Na abertura de Lovecrat Country somos levados para o pesadelo de Atticus (Jonathan Majors), um jovem militar que luta numa guerra intergaláctica longe de ter um fim. Em meio aos monstros com braços de polvo, naves alienígenas e uma princesa de Marte que anuncia o seu perigoso destino, o dia é salvo por Jackie Robinson, o primeiro jogador de basebol negro a fazer parte da liga principal do esporte dos Estados Unidos, que destrói a criatura Cthulhu. Ao som da narração do filme de 1950 que conta a história do menino Robinson e seu sonho, o pesadelo chega ao fim e Atticus acorda. Para crianças e jovens negros daquela (e de qualquer) época era difícil se apegar a figuras negras de destaque e identificar heróis numa cultura segregada, que separava negros e brancos em transportes, escolas, bairros e estabelecimentos. É na ficção que os personagens depositam sua criatividade e esperança para tentar reconstruir seu valor e autoestima, portanto os livros mostrados na série como easter egg dão conta desse recado, além de fazerem parte de toda a narrativa da série, desde Drácula, A Princesa de Marte, O Conde de Montecristo, os contos do próprio H. P. Lovecraft e as histórias em quadrinhos criadas por Dee (Jada Harris) com temas afrofuturistas.
Escrita por Misha Green e produzida por Jordan Pelle (Corra!, Nós) e J.J. Abrams (Star Wars: A Ascenção Skywalker), a série conta a história do Atticus, que volta da guerra porque seu pai Montrose (Michael Kenneth Williams) está desaparecido. Com a ajuda de seu tio George (Courtney B. Vance) e Leti (Jurnee Smollett), uma paquera de infância, ele corre atrás das pistas para entender o paradeiro do pai e descobre que tudo isso é, na verdade, um plano para atraí-lo ao sacrifício, já que ele é o último descendente de Titus Brainwhite, um aristocrata branco que detêm poderes de magia para se tornar imortal. Mas o plano muda de figura, quando Christina (Abbey Lee), a única descendente mulher, mata toda sua família para conquistar a imortalidade para si. Depois disso, a magia passa a ser o ponto central da produção, mas cada episódio funciona de maneira quase isolada, abraçando diversos gêneros como o de aventura estilo caça ao tesouro, o body horror, hentai coreano e o futurista. São justamente nesses episódios que a série mais acerta, dando espaço para as protagonistas femininas, e se distanciando um pouco do foco principal do Atticus de Jonathan Majors, que inclusive tem o papel mais difícil de interpretar. Sempre pelas arestas das tramas, o protagonista é mais reativo e com um passado familiar e amoroso traumáticos, banca um semblante sério e distante.

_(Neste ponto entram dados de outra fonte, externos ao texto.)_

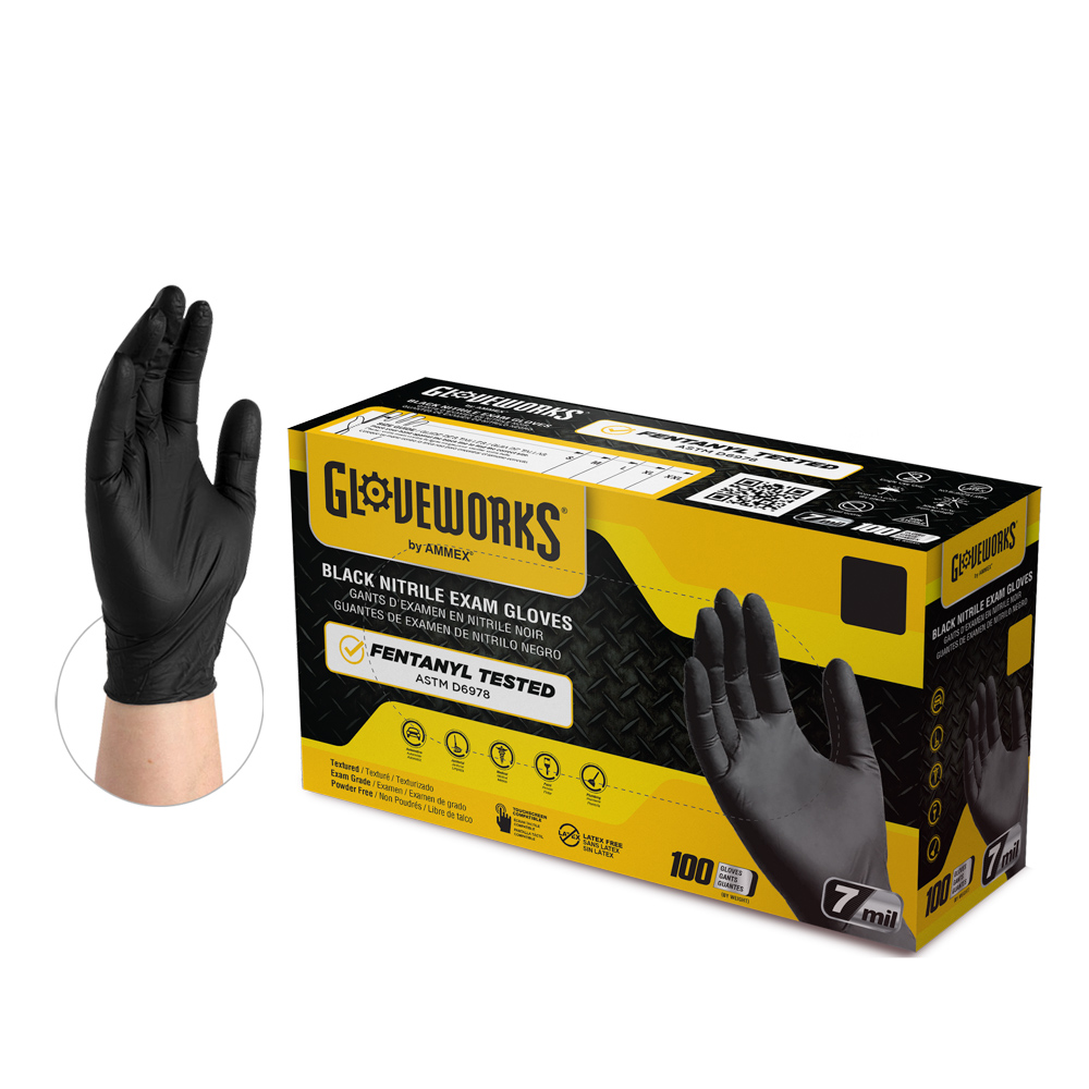 SM 7MIL NIT BLACK PF TEXT EXAM GLOVE 10BX/100/CS GWBEN42100
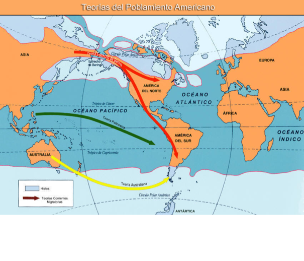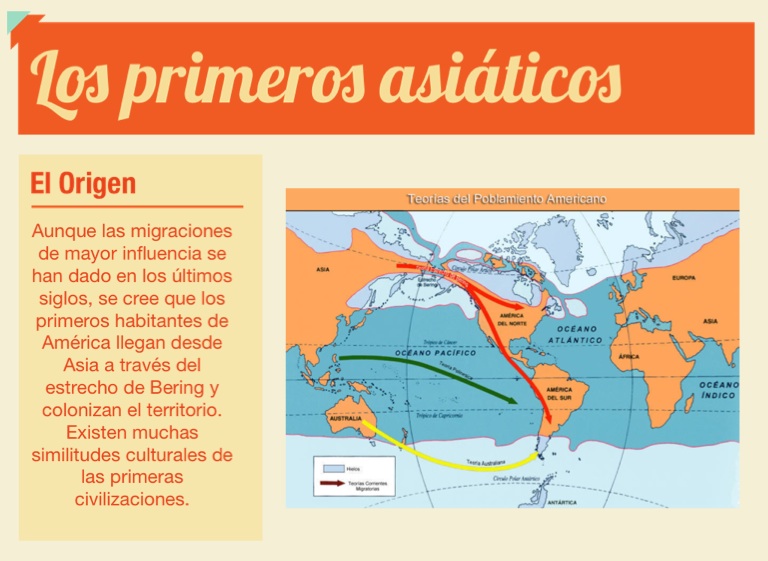 Aunque las migraciones de mayor influencia se han dado en los últimos siglos, se cree que los primeros habitantes de América llegan desde Asia a través del estrecho de Bering y colonizan el territorio. Existen muchas similitudes culturales de las primeras civilizaciones.
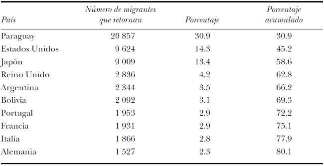 La mayoría de los brasileños regresó exclusivamente de algunos países. El cuadro 2 muestra la magnitud de emigrantes en 10 países con más de 1 000 migrantes de retorno en el periodo 1995 a 2000, los cuales representan más de 80% del total. Sólo Paraguay, Estados Unidos y Japón acumulan más de 58% del total, todos ellos con más de 9 000 migrantes de retorno (estos flujos se explican con detalle más adelante). En cuanto a los demás países del cuadro, cinco pertenecen a Europa y dos a América del Sur, y muestran números entre 1 500 y 3 000 migrantes.
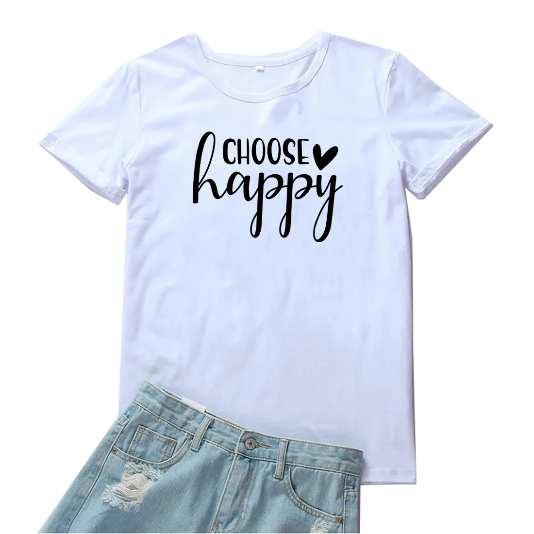 Выберите Happy футболка для женщин забавные вдохновляющие с принтом в виде надписей, женские футболки, хлопковая Футболка с круглым вырезом Женская футболка в стиле кэжуал, черные футболки для женщин
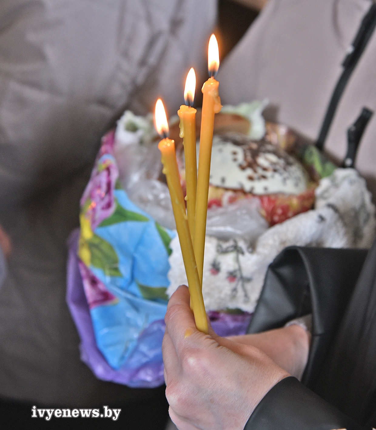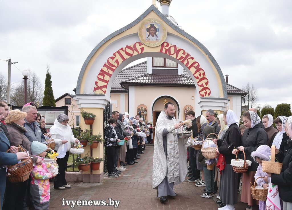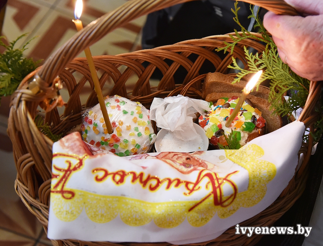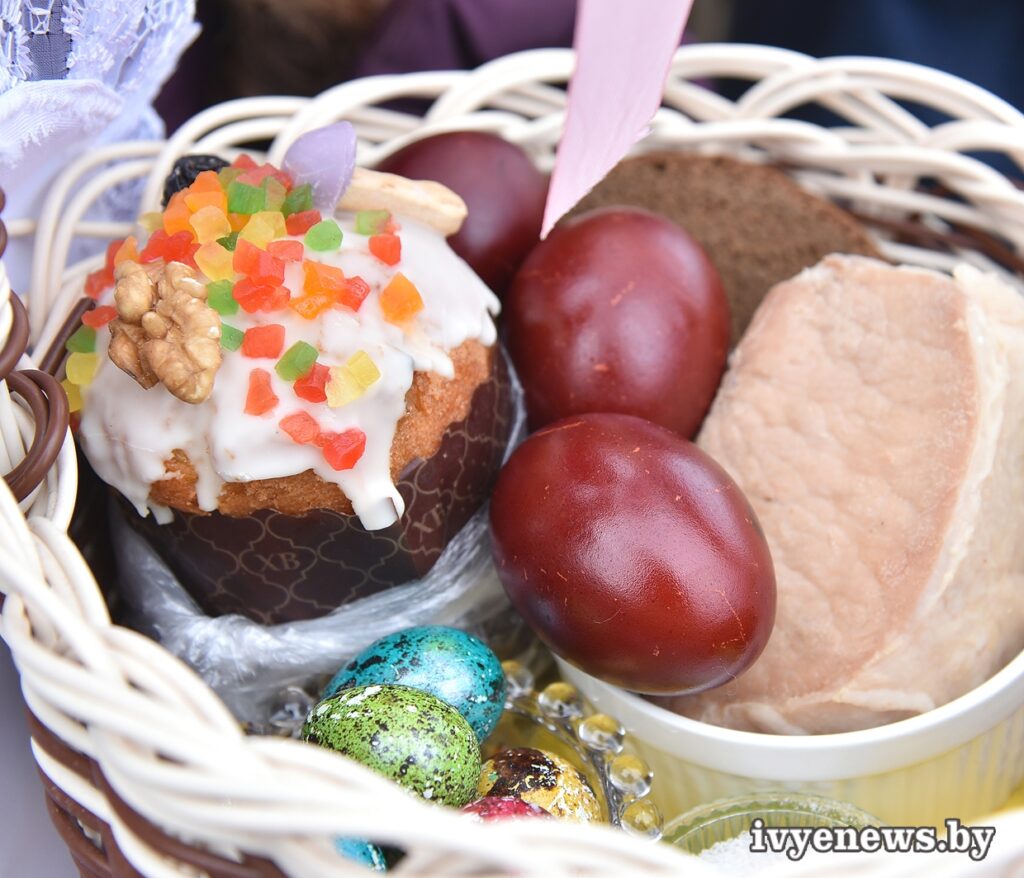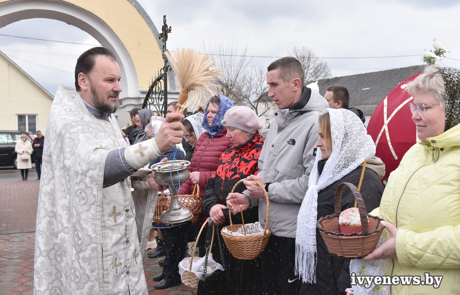 В Ивье православные верующие освятили пасхальные яйца и куличи.
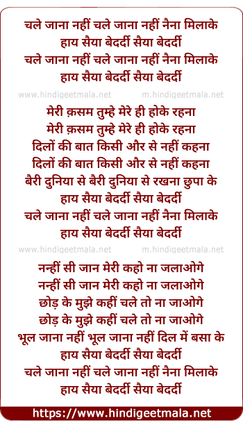 Lyrics of Chale Jana Nahi Nain Milake - चले जाना नहीं नैना मिलाके
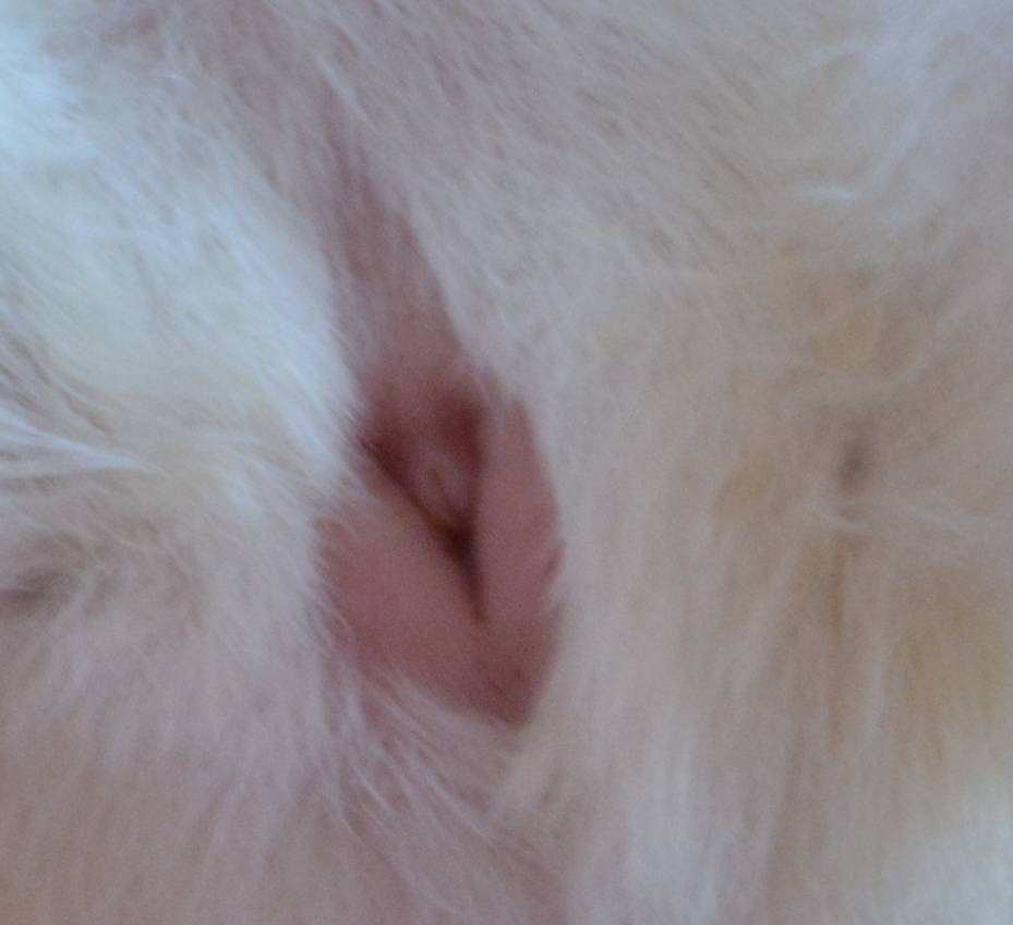 Jesli mozesz zrob zdjecie od gory, a nie wtedy kiedy prosiek przygniata zadek, bo z obecnej perspektywy wyraznie widac, ze to samiec.
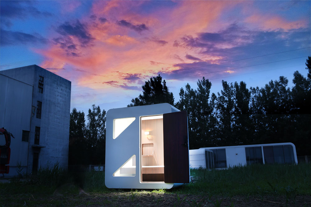 The size is 2.15 * 2.15 * 2.2, with built-in password lock, single bed, exhaust fan, bedside table, garbage can, etc.
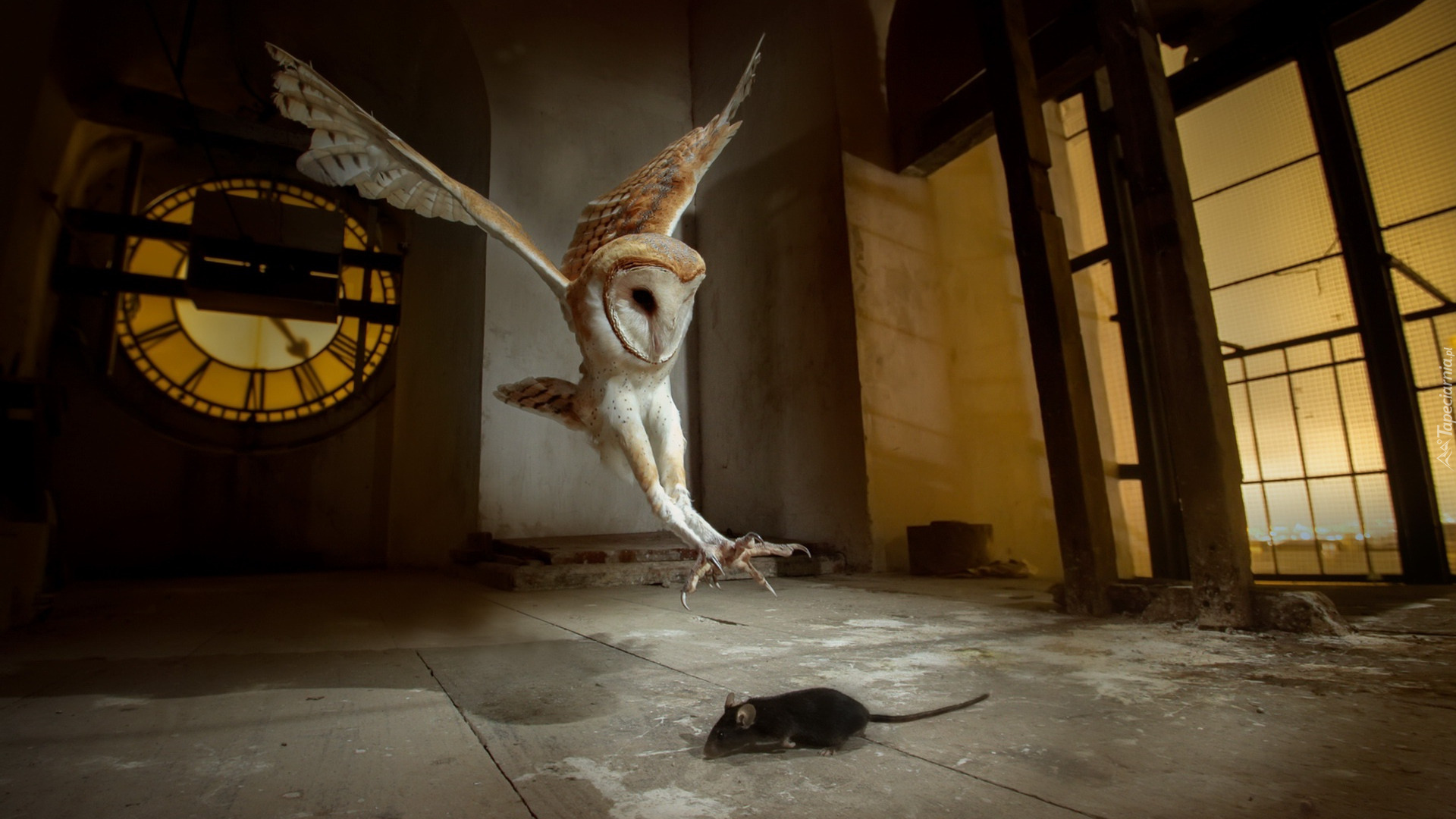 Edytor tapety: Sowa atakująca mysz
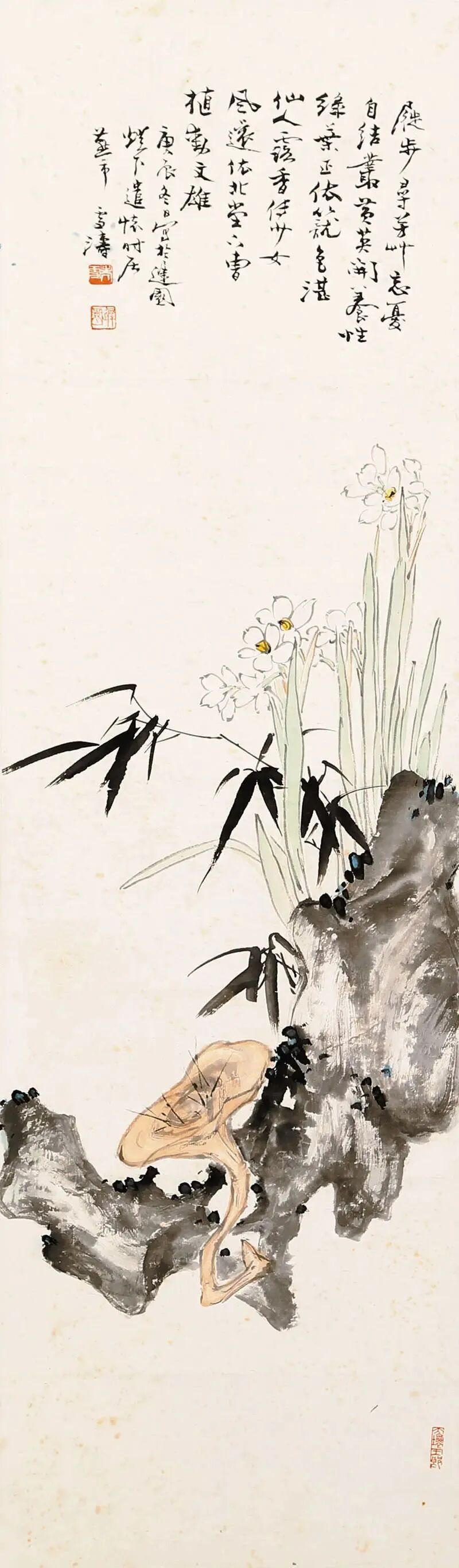 水仙本身象征高洁、清廉,王雪涛在色彩运用上多以水墨为主,辅以淡青、白粉等冷色调,强化其“凌波仙子”的超凡气质。画面常搭配顽石、清水或苔点,营造出清冷幽静的氛围。
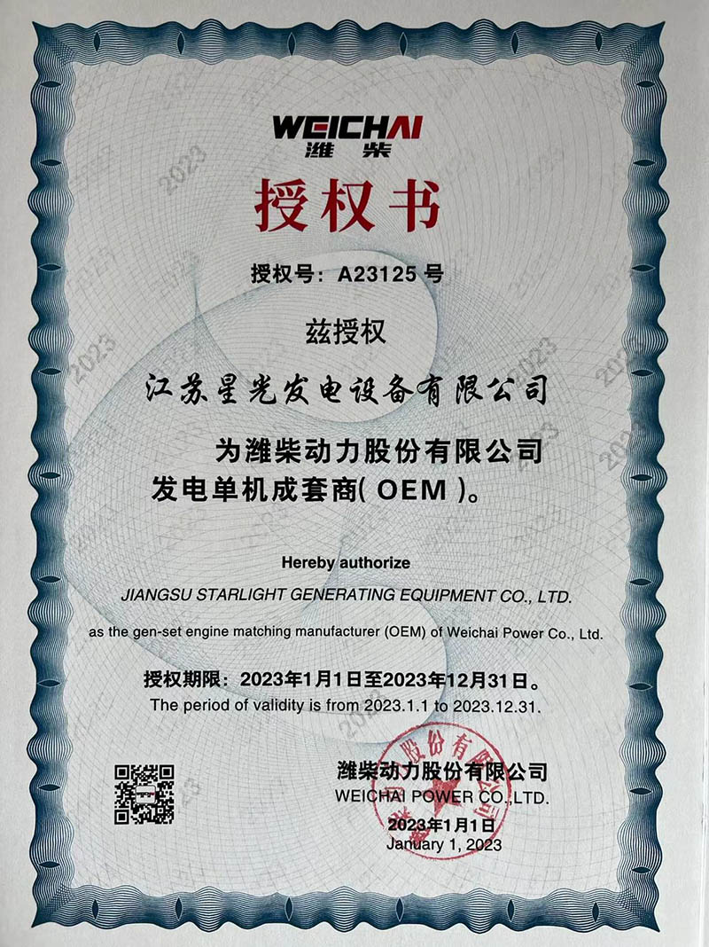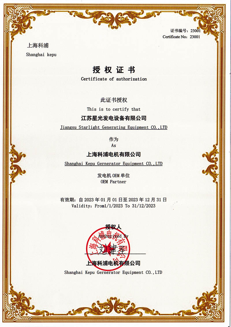 上海孚創(chuàng)動力電氣有限公司OEM授權(quán)證書
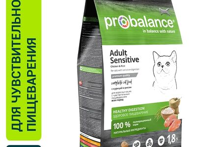 Полнорационный сбалансированный сухой корм премиум-класса для кошек с чувствительным пищеварением и склонных к аллергии. Корм рекомендован для ежедневного кормления взрослых кошек всех пород. Сухой корм Probalance Sensitive разработан практикующими датскими ветеринарами. Состав корма подобран таким образом, чтобы он подходил для животных с чувствительным пищеварением и одновременно удовлетворял их потребности в питательных веществах, витаминах и минералах. Основные компоненты и их польза: натуральный белок из мяса домашней птицы нормализует обмен веществ и рост мышечной ткани. Растительная клетчатка необходима для формирования полезной кишечной микрофлоры и облегчения пищеварения. Рис оказывает благоприятное воздействие на слизистую оболочку кишечника. Пищевые волокна стимулируют моторику кишечника. Витамин А нужен для укрепления иммунитета и повышения сопротивляемости организма стрессовым ситуациям и болезням. Таурин — для активной работы сердца и остроты зрения. Йод — для активизации функций щитовидной железы. Размер гранулы: диаметр — 10 мм, толщина — 5 мм, форма — круг.
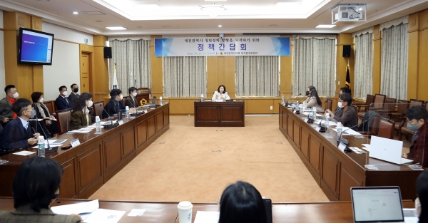 이날 간담회는 ‘대전광역시 청년정책 현황’을 주제로 발제를 맡은 대전청년내일센터 우수정 센터장은 청년 1인 가구가 증가하고 있지만 주거 환경이 취약하고 낮은 고용률과 높은 실업률로 청년인구가 해마다 감소하고 있는 대전시 정책환경 변화에 맞추어 다양한 영역에서 활동하고 있는 청년에 대한 이해, 특히 정책 사각지대의 청년에 대한 이해를 바탕으로 한 당사자 중심을 정책으로 전환하고 장기적인 안목으로 청년정책을 다면화할 필요가 있다고 강조했다.

Mesmo tendo Christina como a vilã que puxa a narrativa da série, o verdadeiro mal em Lovecraft Country é o racismo que não se esconde nem entre os feitiços, fantasmas e monstros. Dá pra destacar vários momentos importantíssimos como a experimentação de Ruby (Wunmi Mosaku), que se transforma numa mulher branca, consegue o tão sonhado emprego e desfruta de um privilégio que nunca foi seu, mas também entende que essa liberdade tem um preço. Hyppolita (Aunjanue Ellis) ganha um episódio poderoso e viaja por dimensões para descobrir quem é ela além de esposa e mãe, passando a reivindicar seu nome, seu conhecimento em ciência e sua força, agora não mais interrompida. A HBO, que também já trabalhou o massacre histórico de Tulsa em Watchmen, revisita o período numa viagem no tempo de seus protagonista e entrega uma sequência emocional quando Leti assiste a avó de Tic entre as chamas.
Com um final que pode mudar a história dos negros, Lovecraft Country não é só uma série de terror e um espetáculo visual, é também parte da conversa franca sobre o racismo contado por negros, que reconhecem sua história e reverencia a luta de por liberdade de um povo oprimido sem intenção de ser mascarado, mas tomando posse do seu lugar de fala para encaixar diversas situações vistas tanto na ficção quanto na realidade.